How To Sell With Noble Purpose

How To Sell With Noble Purpose

In Selling with Noble Purpose, Lisa Earle McLeod shows how sellers who understand the difference they make in customers’ lives enjoy both better closing rates and greater job satisfaction. She explains how to develop a “Noble Sales Purpose” (NSP) using a three-step process and then guides sales team leaders on the path to creating an organization that truly lives that purpose. The NSP transforms sales training, replaces counterproductive sales incentives, and creates purpose-driven salespeople who have a customer-first mindset for every call. Stories from the field illustrate how an NSP can dramatically improve sales results. McLeod provides practical advice for sellers, sales managers, and anyone who wants their organization to reflect a noble purpose.

Adopting a Noble Sales Purpose (NSP)-a vision of the salesperson as someone who improves customers’ lives-enhances job satisfaction and helps close more sales.

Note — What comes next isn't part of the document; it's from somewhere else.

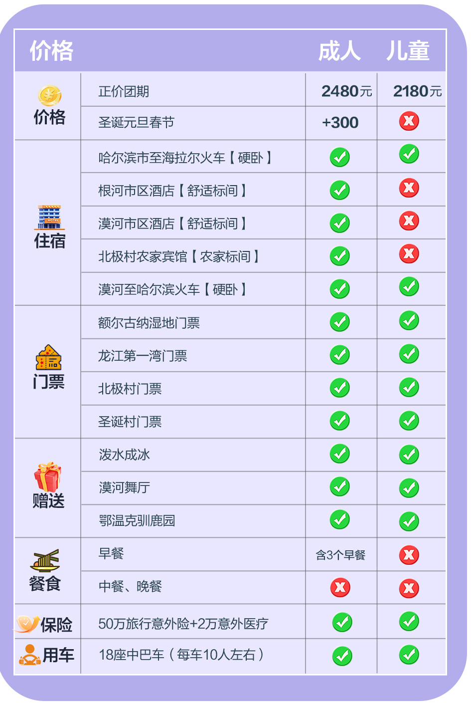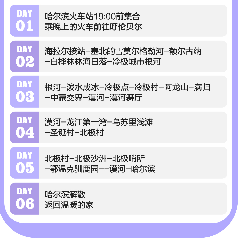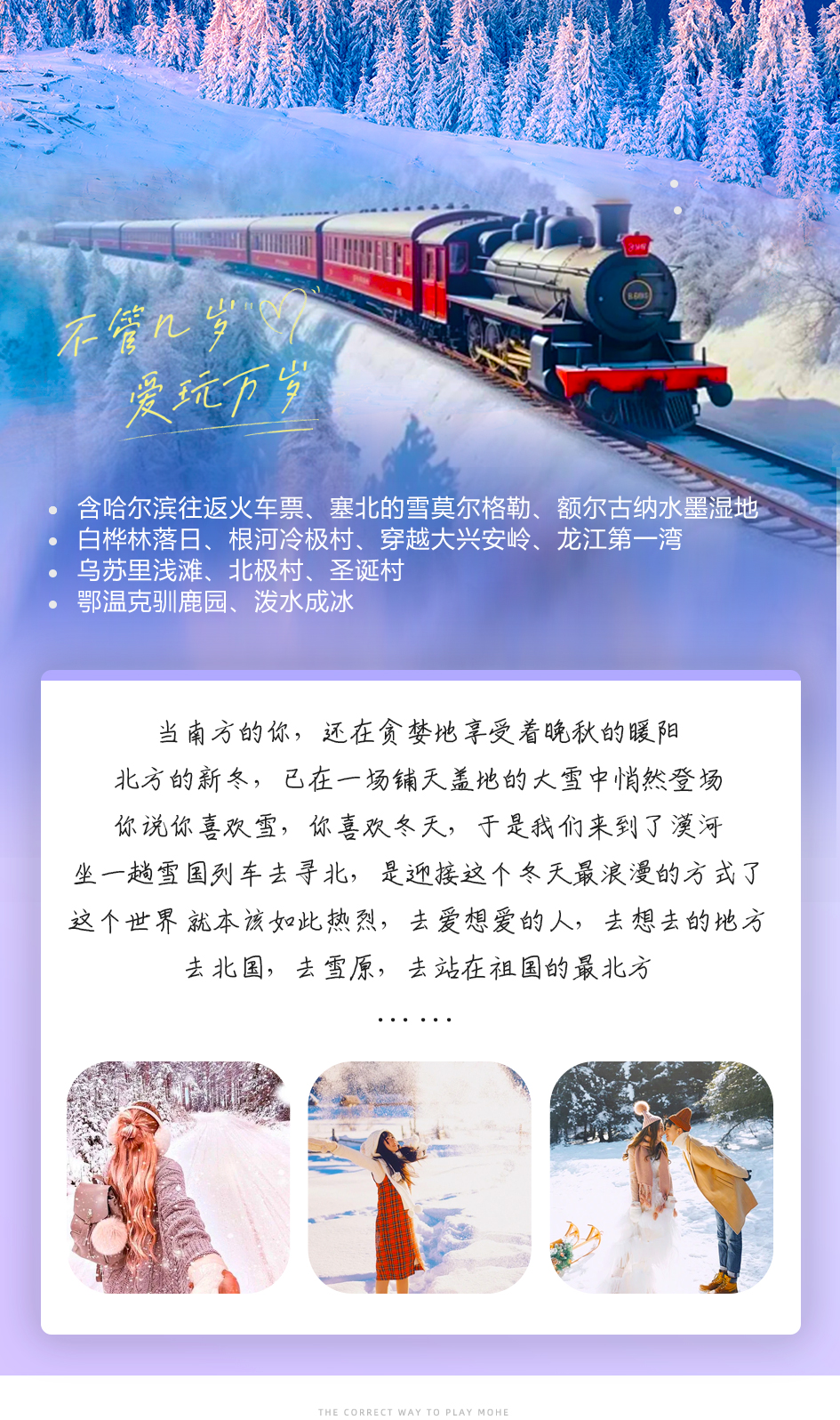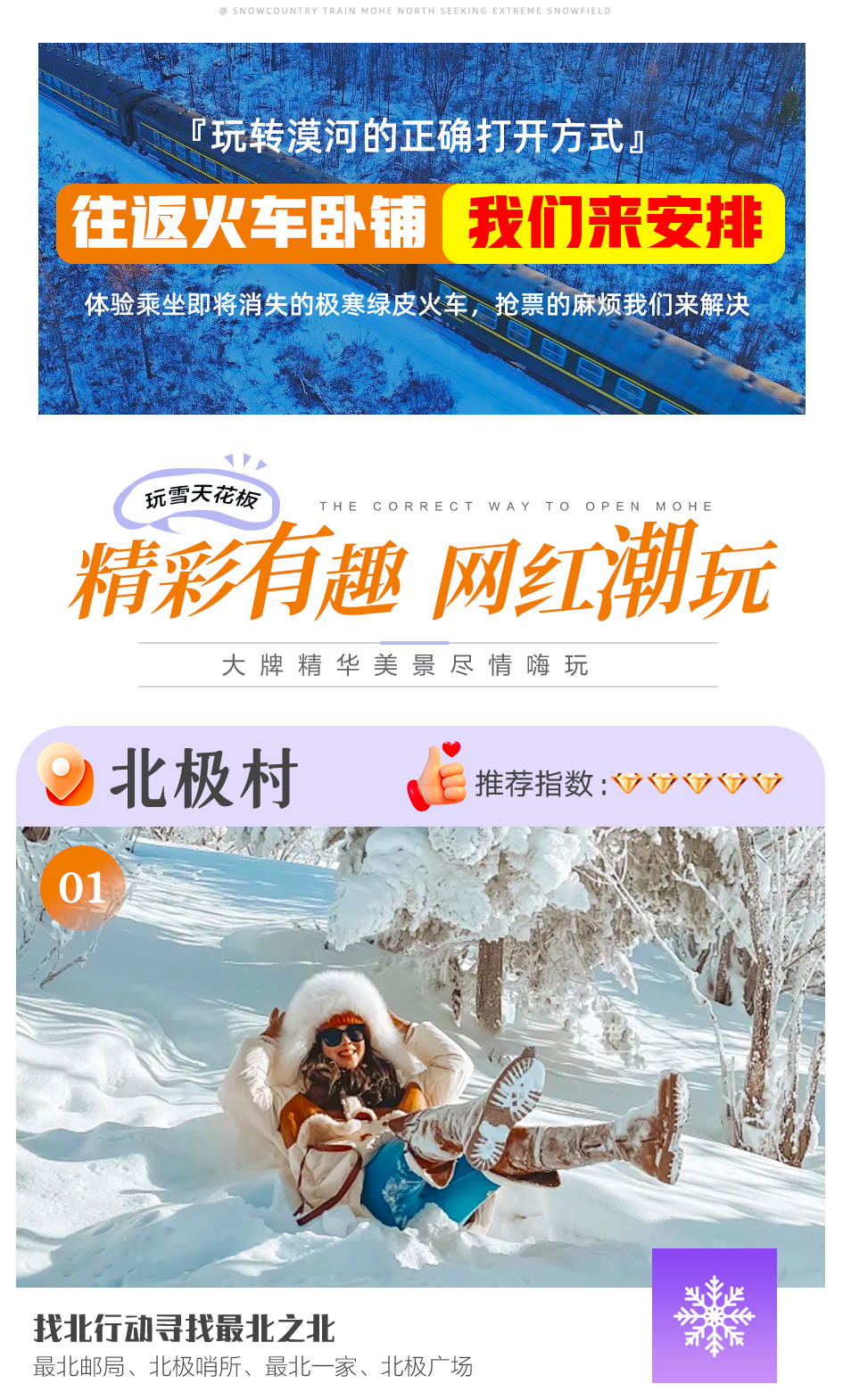 2、火车:哈尔滨-漠河往返火车硬卧(铺位随机,一起报名的小伙伴尽量安排同一节车厢,但冬季票务紧张无法保证,建议提前15天以上预定,15天以内报名请现询是否有票)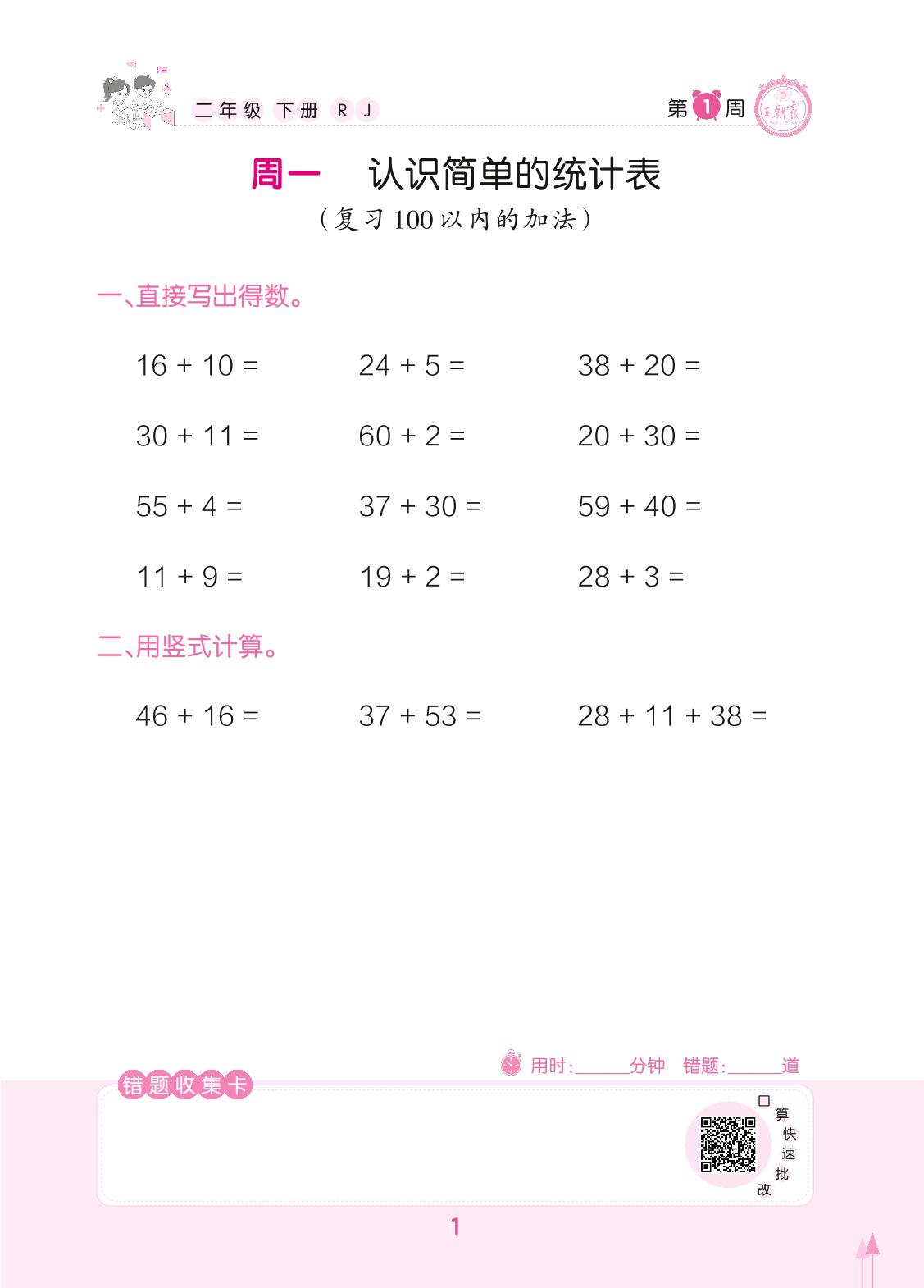 2022下册二年级数学人教版 第1周 周一

The NSP works because it taps into the deep-seated human desire for connecting with others and for serving a higher purpose, a transcendent ideal.

Too often profit crowds out the NSP. Profit is merely one of six facets of a successful organization. Purpose is the central focus; the others are process, product, promotion, and people.

Sales managers should go beyond asking salespeople what they need to close a deal and how well they are achieving their revenue targets. They should ask, “How are you making a difference in your customers’ lives?”

Many sales organizations run on fear: fear of the overbearing sales manager, fear of missing quotas, or fear of being outshone by teammates. Customers sense fear in a salesperson and are less likely to trust that such a seller has their best interests at heart. Job satisfaction is low in such organizations.

Gains from skills-based sales training dissipate rapidly. Instead, sales training should help sellers develop a customer-first mindset. Selling skills flow from the proper mindset.

Company narratives-stories of the differences the company has made in customers’ lives-provide great support for an NSP. They remind customers and sellers alike of the organization’s higher purpose. Similarly, recording and shared sales-call case studies boost morale.

Sales managers should strive for interactive sales meetings in which salespeople share their experiences with one another. PowerPoint decks and one-way communications from management sap sales teams’ morale.

Organizations that adopt an NSP become purpose driven and realize many benefits. The NSP becomes a touchstone for decision making, reduces turf wars by obligating disparate departments to a common purpose, and helps salespeople become more centered and less frantic on their sales calls. A significant increase in sales follows.

Selling with Noble Purpose is aimed at business-to-business salespeople and their managers. The book should be read in chronological order. Part I explains how to create a purpose-driven company and sales team; Part II outlines the many benefits of an NSP in various contexts; and Part III provides practical advice for sales managers who want to build purpose-driven sales teams. Most chapters end with a “do one thing” idea for implementing the chapter’s suggestions. A companion website provides additional resources, such as a template for creating case studies like those discussed in Chapter 11. The book also includes a comprehensive index that is helpful when using the book as a reference.